The following chart outlines the average number of drilling rigs that we had working or moving by quarter for the periods noted.

 

   Average for the quarter ended 2017  2018
    Mar. 31    June 30    Sept. 30    Dec. 31    Mar. 31    June 30 
Average Precision active rig count:                              
Canada   76    29    49    54    72    31 
U.S.   47    59    61    58    64    72 
International   8    8    8    8    8    8 
Total   131    96    118    120    144    111 

 

For the first half of 2018, drilling activity has increased relative to this time last year in the U.S. and is down slightly in Canada. According to industry sources, as of July 20, 2018, the U.S. active land drilling rig count was up approximately 11% from the same point last year and the Canadian active land drilling rig count was down approximately 2%. To date in 2018, approximately 63% of the Canadian industry’s active rigs and 81% of the U.S. industry’s active rigs were drilling for oil targets, compared with 53% for Canada and 80% for the U.S. at the same time last year.

 

 

Industry Conditions

 

We expect Tier 1 rigs to remain the preferred rigs of customers globally. The economic value created by the significant drilling and mobility efficiencies delivered by the most advanced XY pad walking rigs has been highlighted and widely accepted by our customers. The trend to longer-reach horizontal completions and importance of the rig delivering these complex wells consistently and efficiently has been well established by the industry. We expect demand for leading edge high efficiency Tier 1 rigs will continue to strengthen, as drilling rig capability has been a key economic facilitator of horizontal/unconventional resource exploitation.
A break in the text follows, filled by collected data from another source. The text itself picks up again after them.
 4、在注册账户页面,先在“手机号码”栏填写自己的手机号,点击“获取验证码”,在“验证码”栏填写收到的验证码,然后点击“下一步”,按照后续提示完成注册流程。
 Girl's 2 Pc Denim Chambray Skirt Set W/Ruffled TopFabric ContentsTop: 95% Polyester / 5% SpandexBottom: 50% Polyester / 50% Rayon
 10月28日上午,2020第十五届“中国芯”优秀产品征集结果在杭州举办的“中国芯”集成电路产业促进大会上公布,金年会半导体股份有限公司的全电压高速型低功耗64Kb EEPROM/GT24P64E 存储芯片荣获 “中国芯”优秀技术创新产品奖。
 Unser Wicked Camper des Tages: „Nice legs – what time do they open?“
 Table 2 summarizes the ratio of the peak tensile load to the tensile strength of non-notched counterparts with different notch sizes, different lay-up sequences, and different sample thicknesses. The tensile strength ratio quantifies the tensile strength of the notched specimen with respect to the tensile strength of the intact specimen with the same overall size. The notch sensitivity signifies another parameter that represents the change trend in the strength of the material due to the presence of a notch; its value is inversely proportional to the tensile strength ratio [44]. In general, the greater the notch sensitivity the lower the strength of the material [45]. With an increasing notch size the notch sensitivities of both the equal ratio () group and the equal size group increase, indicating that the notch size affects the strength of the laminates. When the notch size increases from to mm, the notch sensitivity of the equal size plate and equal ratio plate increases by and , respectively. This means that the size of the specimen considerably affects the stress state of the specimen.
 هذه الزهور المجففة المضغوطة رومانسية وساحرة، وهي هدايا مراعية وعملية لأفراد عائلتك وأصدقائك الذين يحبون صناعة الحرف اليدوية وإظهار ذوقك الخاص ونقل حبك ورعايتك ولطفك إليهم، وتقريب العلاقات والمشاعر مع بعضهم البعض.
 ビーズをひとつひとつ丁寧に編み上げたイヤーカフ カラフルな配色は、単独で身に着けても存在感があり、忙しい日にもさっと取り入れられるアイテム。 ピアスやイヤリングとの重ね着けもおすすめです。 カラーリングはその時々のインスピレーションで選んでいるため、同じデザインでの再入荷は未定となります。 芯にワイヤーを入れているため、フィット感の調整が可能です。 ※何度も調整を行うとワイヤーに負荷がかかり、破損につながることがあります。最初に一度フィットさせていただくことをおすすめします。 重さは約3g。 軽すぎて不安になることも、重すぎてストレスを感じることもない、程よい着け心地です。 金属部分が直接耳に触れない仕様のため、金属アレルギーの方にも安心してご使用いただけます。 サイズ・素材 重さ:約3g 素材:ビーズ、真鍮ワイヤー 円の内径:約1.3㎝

Development and field application of drilling equipment process automation coupled with closed loop drilling controls and de-manning of rigs will continue this technical evolution while creating further cost efficiencies and performance value for customers.

 

 

Capital Spending

 

Capital spending in 2018 is expected to be $135 million and includes $57 million for sustaining and infrastructure, $63 million for upgrade and expansion and $15 million on intangibles related to a new ERP system. We expect that the $135 million will be split $113 million in the Contract Drilling Services segment, $6 million in the Completion and Production Services segment and $16 million to the Corporate segment.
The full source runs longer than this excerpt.